Being present in Las Vegas isn’t just about seeing all of the hoopla surrounding product launches, from LG’s impressive hallway display of synced OLED panels to actors running on treadmills demonstrating fitness gear, enthusiastic spokespersons touting the benefits of their new technology, and robots curiously roaming around. (Though these are a sight to see.) It’s about being able to touch, feel, listen to, see, and enjoy products and innovations in person.
I’ve boxed against a machine on the show floor, sat inside a flying car, participated in virtual reality demos, tested out facial recognition software, and got my phone’s screen cleaned. Seeing televisions up close is the only way to truly understand the wonder of the gorgeous pictures and demoing headphones and speakers in a controlled environment is what really gets the message across about the quality of sound. From a journalist’s perspective, trying out fun products in person is makes convinces you that they’re worth writing about.
I can watch videos to learn about all of these products. But it’s not the same. A web link or video isn’t going to grab my attention or provide the same energy as a crowd of people around a booth or a demo in the walkway.
Then, there’s the Eureka Hall exhibits, where innovative start-ups from all around the world convene. I always dedicate the last day of the show to navigating this massive area, following my gut instinct as I walk around to decide what booths to visit. A product can’t really catch my eye online like it would in person.
The social aspect of an event like CES can’t be discounted either. A Zoom call or virtual meeting is not the same as seeing colleagues and friends in person. Sharing thoughts and insights about the show over a cup of coffee or cab ride over to the Convention Center in the morning or discussing the latest technology and innovations over a glass of wine or while munching on delectable treats in a hotel suite, is so valuable. From a business perspective, the opportunity for deals to be made on the show floor or while sipping beers at the hotel bar at 10 p.m. is all but gone.
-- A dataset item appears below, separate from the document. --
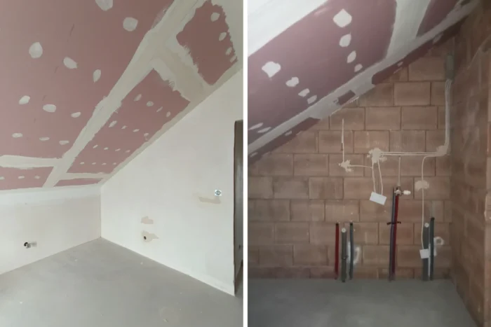 • Skosy dachowe na piętrze wykończone płytami gipsowo-kartonowymi zostały jedynie wstępnie zaciągnięte szpachlą na łączeniach i miejscach wkrętów. Cała powierzchnia płyt była nie szpachlowana i nieprzygotowana do dalszych prac. Konieczne było: szpachlowanie całopowierzchniowe, które wyrównuje chłonność podłoża, zapewnia lepszą przyczepność farby i jednolity wygląd ściany, bez tego, łączenia płyt i miejsca po wkrętach mogą być widoczne po nałożeniu farby. Szlifowanie oraz gruntowanie ścian przed malowaniem.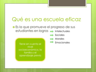 El documento describe las características de una escuela eficaz. Explica que una escuela eficaz promueve el progreso de los estudiantes en logros intelectuales, sociales, morales y emocionales, teniendo en cuenta factores como el nivel socioeconómico y el aprendizaje previo. Luego, detalla algunas prácticas educativas eficaces como la enseñanza directa, el aprendizaje cooperativo y el uso de las TIC. Finalmente, resume las aportaciones de las escuelas inclusivas y la importancia

Attending But Still Missing CES
Will I be “attending” CES this year? Yes, absolutely. Am I excited about it? Not like I normally would be. Yes, I will see familiar faces through my computer screen. I will learn about new products and technologies, and maybe even see demonstrations live online. Everything will be conveniently in one place. But it won’t be the same.
I will miss the fact that my feet won’t be aching from walking 25,000 steps per day across the different halls of the Las Vegas Convention Center, along the Las Vegas Strip, and within various hotels. I will miss that I won’t be consuming far too much alcohol, popping $20 into a slot machine on the way back to my room in hopes of getting three 777s, and meeting fellow journalists and industry members for after-work drinks. I will miss not kicking my feet up at the end of the night in a stale-smelling hotel room and waiting impatiently in line for 15 minutes every morning for a coffee from Starbucks. I’d give anything to walk through a noisy, cigarette-smelling Las Vegas hotel at 1 a.m. in three-inch heels, exhausted and spent, but ready to do it all over again the next day.
Regardless of the format and the concessions that have to be made for 2021, CES will serve its purpose: to inform the industry about new and upcoming products and technologies and company roadmaps for the upcoming year, help start-ups find investors, foster deals between retailers, e-tailers, and manufacturers/distributors, generate tons of press, and get people excited for the future of technology. But chances are that if the original in-person show format returns for CES 2022 (fingers crossed), attendance will sky-rocket, complaints will be fewer and farther between, and hand sanitizer will be in abundance more than ever.